When you smash a punch of particles together sometimes produce two quark particles that include bottom quarks called B mesons that in turn decay to produce two muons (heavy electrons). Sometimes they will be negatively charged, just like electrons. Sometimes they will be positively charged, just like positrons. Other things produced in these collisions, like kaons (another kind of two quark particle) also produce two muon decays.
The Standard Model predicts that negatively charged muons should outnumber positively charged muons due to known CP violations in the weak force by a factor of just 0.01%. The data from the almost full run of the D0 Tevatron experiment show a 0.787% excess of negative muons with an standard deviation of error of about 0.2%, implying a deviation of about four sigma from the Standard Model expectation. Thus, experiment implies that the 95% confidence interval is that there are something like 29 to 119 times too many excess negatively charged muons.
Further analysis of the data reveals that B-meson decay, rather than other possible decay pathways, seem to be behind the anomalous results.
Of course, in this case, like so much of the high energy physcis field, a deviation of less than 1% from the predicted value in a calculation that has lots of steps that depend on QCD calculations, imperfectly known experimental estimates for quantum physics equation constants, and what have you could easily arise from very subtle issues involved in generating the theoretically expected value of either the end result or the "background" that is subtracted out from the total result for processes we understand to get the part of the result attributable to the interesting part.
The four standard deviations of variance from the expected result only considers differences from the theoretical prediction that arise from fundamental quantum randomness. The error estimate in the result likewise considers only known levels of uncertainty in the inputs to the theoretical calculations and the current experimental process, not analytical errors or systemic problems with the laboratory setup that no one had considered when doing the calculations.
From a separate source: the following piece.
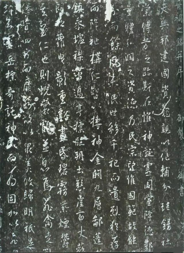《晋祠铭》全称《晋祠之铭并序碑》,此碑系唐太宗李世民撰文并书丹的碑刻,创作于唐代贞观二十年(646年),书体为行书。此碑现收藏于山西省太原市晋祠内唐叔祠山门之左侧的唐碑亭(又称贞观宝翰亭)内,亭内立有两通石碑,一座为唐太宗亲书原碑,另一座为清乾隆三十七年(1772年)依照旧拓片摹刻的复制碑。《晋祠铭》碑高195厘米,宽122厘米,厚26厘米。碑额高108厘米,上刻“贞观廿年正月廿六日”九字,用“飞白”笔法写成。碑额左右各雕螭首一对,并头下垂,为唐代碑额的特点。《晋祠铭》全文总共1203字,28行,每行44至50字不等。碑的四面都刻有文字。碑阳面的文字记唐立国后的文治武功并歌颂唐初的治国方略。碑阴刻有长孙无忌等功臣的姓名。碑的左右两侧刻有宋朝人游览时书勒上石的文字。《晋祠铭》开创了行书上碑之先河,被后人誉为仅次于王羲之《兰亭序》的行书杰作。* * *晋祠之铭并序 御制 御书〔行1〕夫兴邦建国,资懿亲以作畏;分圭锡社,实茂德之攸居。非亲无以隆基,非德无以启化。是知功侔分陕,奕叶之庆弥彰;道洽留〔行2〕棠,传芳之迹斯在。惟神诞灵周室,降德酆都;疏派天潢,分枝璇极。经仁纬义,履顺居贞。揭日月以为躬丽高明之质;括沧溟而为〔行3〕量体宏润之资。德乃民宗,望惟国范。故能协隆鼎祚,赞七百之洪基;光启维城,开一匡之霸业。既而今古革运,舟壑潜迁。虽地尽三〔行4〕分,而馀风未泯;世移千祀,而遗烈犹存。玄化旷而无名,神理幽而靡究。故歆祠利祷,若存若亡;汾世匡民,如显如晦。临汾川〔行5〕而降祉,构仁智以栖神。金阙九层,鄙蓬莱之已陋;玉楼干仞,耻昆阆之非奇。落月低于桂筵,流星起于珠树。若夫崇山亘峙,作〔行6〕镇参墟;襟带边亭,标临朔土。悬崖百丈,蔽日亏红;绝岭万寻,横天耸翠。霞无机而散锦,峰非水而开莲。石镜流辉,孤岩宵〔行7〕朗;松萝曳影,重溪昼昏。碧雾紫烟,郁古今之色;玄霜降雪,皎冬夏之光。其施惠也,刚和凤溽露是生,油云膏雨斯起〔行8〕。其至仁也,则霓裳鹤盖息焉,飞禽走兽依焉。其刚节也,则治乱不改其形,寒暑莫移其操。其大量也,则育万物而不〔行9〕倦,资四方而靡穷。故以众美攸归,明祗是宅。岂如罗浮之岛,拔岭南迁;舞阳之山,移基北转,以夫挺秀之质,而无居当之资〔行10〕。故知灵岳标奇,托神威而为固。加以飞泉涌砌,激石分湍。萦氛雾而终清,有英俊之贞操;住方圆以成像,体圣贤之屈伸〔行11〕。日注不穷,类芳猷之五绝;年倾不溢,同上德之诫盈。阴涧怀冰,春留冬镜;阳岩引溜,冬结春苔。非疏勒之可方,岂瀑布之能拟。至〔行12〕如浊泾清渭,岁岁同流;碧海黄河,时时一变。以夫括地之纪,横天之源,不能泽其常,莫能殊其操。信乃兹泉表异,带仙宇而〔行13〕为珍;仰神居之肃清,想徽音其如在。是以朱轮华毂,接轸于坛衢;玉币丰粢,连箱于庙阙。氤氲灵气,仰之而弥高〔行14〕;昭晰神光,望之而逾显。潜通玄化,不爽于锱珠;感应明征,有逾于影响。惟贤是辅,非黍稷之力馨;唯德是依,岂筐篚〔行15〕之为惠。昔有随昏季,纲纪崩沦,四海腾波,三光戢曜。先皇袭千龄之徽号,膺八百之先期,用竭诚心,以祈嘉福。爰初鞠〔行16〕旅,发迹神邦。举风电以长驱,笼天地而遐卷。一戎大定,六合为家。虽膺篆受图,彰于天命;而克昌洪业,实赖神功。故知〔行17〕茫茫万顷,必俟云雨之泽;巍巍五岳,必延尘壤之资。虽九穗登年,由乎播种;千录耸日,本藉崇基。然则不雨不云,则有炎枯〔行18〕之害;非尘非壤,则有倾覆之忧。虽立本于自然,亦成功而假助,岂大宝之独运,不资灵福者乎!故无言不酬,无德不报〔行19〕。所以巡往迹,赛洪恩,临汾水而濯心,仰灵坛而肃志。若夫照车十二,连城三五,币帛云委,珍羞山积,此乃庸鄙是享,恐非明神〔行20〕所歆。正空竭丽水之金,勒芳猷于不朽;尽荆山之玉,镌美德于无穷。召彼雨师,弘兹惠泽;命斯风伯,扬此清尘。使地祗仰〔行21〕德于金门,山灵受化于玄阙。括九仙而警卫,拥百神以前驱。俾洪威振于六幽,令誉光于千载。岂若高唐之庙,空号朝云;陈〔行22〕仓之祠,虚传夜影!式刊芳烈,乃作铭云:〔行23〕赫赫宗周,明明哲辅。诞天降德,承文继武。启庆留名,剪桐颁土。逸翮孤映,清飚自举。藩屏维宁,邦家攸序。传晖竹帛,降〔行24〕灵汾晋。惟德是辅,惟贤是顺。不罚而威,不言而信。玄化潜流,洪恩遐振。沉沉清庙,肃肃灵坛。松低羽盖,云挂仙冠。雾筵霄〔行25〕碧,霞帐晨丹。户花冬桂,庭芳夏兰。代移神久,地古林残。泉涌湍萦,泻砌分庭。非搅可浊,非澄自清。地斜文直,涧曲流平。翻霞〔行26〕散锦,倒日澄明。冰开一镜,风激千声。既瞻清洁,载想忠贞。濯兹尘秽,莹此心灵。猗欤胜地,伟哉灵异。日月有穷,英声不匮。天〔行27〕地可极,神威靡坠。万代千龄,芳猷永嗣。 〔行28〕

But, excess CP violations in heavy meson weak force decays in excess of those predicted by the Standard Model are something that we've observed repeatedly before (that's the main reason physicists knew to put any CP violations into the Standard Model at all), and by five sigma, observed effects tend not to vanish when efforts are made to replicate the effect, so there is good reason to believe that this is the real deal, the holy grail of HEP: New Physics!
Now, there are more theories out there to explain where this excess CP violation could come from than there are different kinds of hats in a Georgia church on a Sunday in June. But, for the most part, you can't fit the Standard Model to the data simply by tweaking the values of a few constants in the CKM matrix. Most of the proposals involve new particles that require a deep conceptual break with the structure of the Standard Models chart of fermions and bosons. It is the moral equivalent of trying to put together some assembly required furniture with a ordinary screwdriver and hex wrench only to discover as you try to assemble the final critical joint to complete the job that you also need a three foot long magnetized titanium corkscrew to connect parts you hadn't previously noticed were even in the box.
For my druthers, the most attractive extension of the Standard Model that could resolve the conflict between experiment and theory, because it is the least radical in its implications, is the possiblity that there are four rather than three generations of quarks and leptons, such as in this proposed Standard Model extension. A model with at least four generations of fermions could also explain data pointing to the possibility that there are more than three kinds of neutrinos. It also would make it possible to unify the gauge couplings without supersymmetry.